§ **PROMPT**:
With pictures excluded, copy word for word the lines in the data below from the line containing "30–39) ⏱ 1:30:48 ชม." through the line containing "Approximately 2.16 Acres".

§ **RECORDS FOR PROCESSING**:
%%
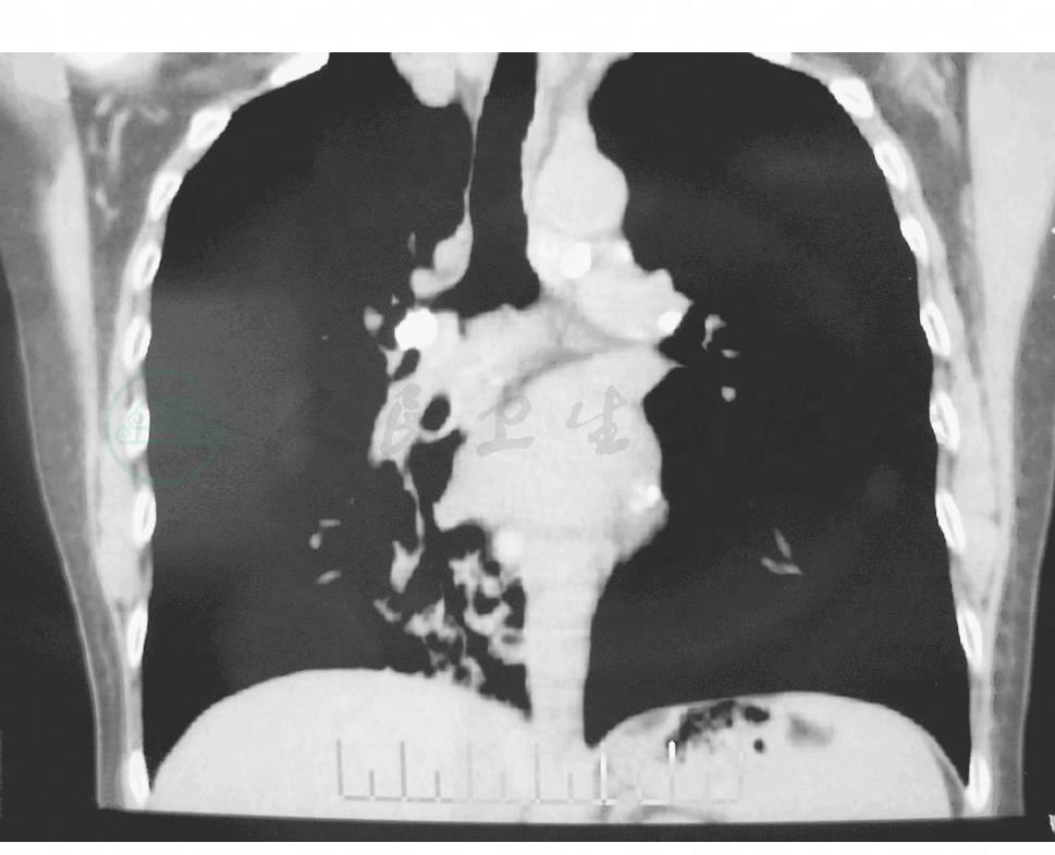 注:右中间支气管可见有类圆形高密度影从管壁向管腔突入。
%%
%%
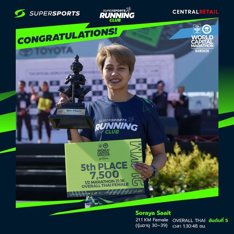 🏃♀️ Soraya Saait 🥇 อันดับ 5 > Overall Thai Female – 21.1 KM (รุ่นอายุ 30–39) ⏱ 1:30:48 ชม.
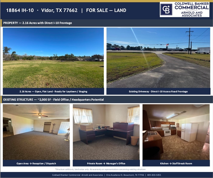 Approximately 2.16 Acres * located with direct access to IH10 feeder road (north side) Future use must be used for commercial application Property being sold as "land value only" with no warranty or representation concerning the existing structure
%%
%%
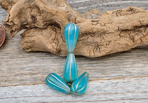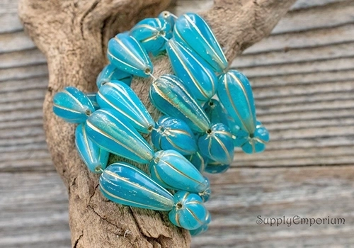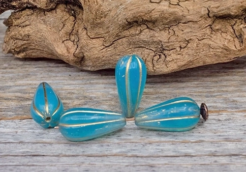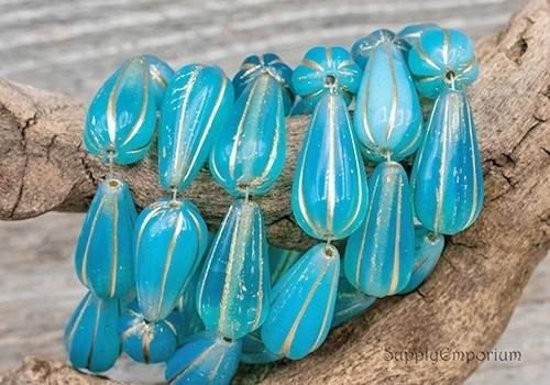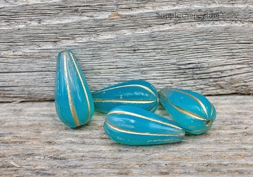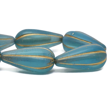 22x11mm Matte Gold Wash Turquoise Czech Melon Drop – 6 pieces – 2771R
%%
§ **ANSWER SPACE**:
 🏃♀️ Soraya Saait 🥇 อันดับ 5 > Overall Thai Female – 21.1 KM (รุ่นอายุ 30–39) ⏱ 1:30:48 ชม.
 Approximately 2.16 Acres * located with direct access to IH10 feeder road (north side) Future use must be used for commercial application Property being sold as "land value only" with no warranty or representation concerning the existing structure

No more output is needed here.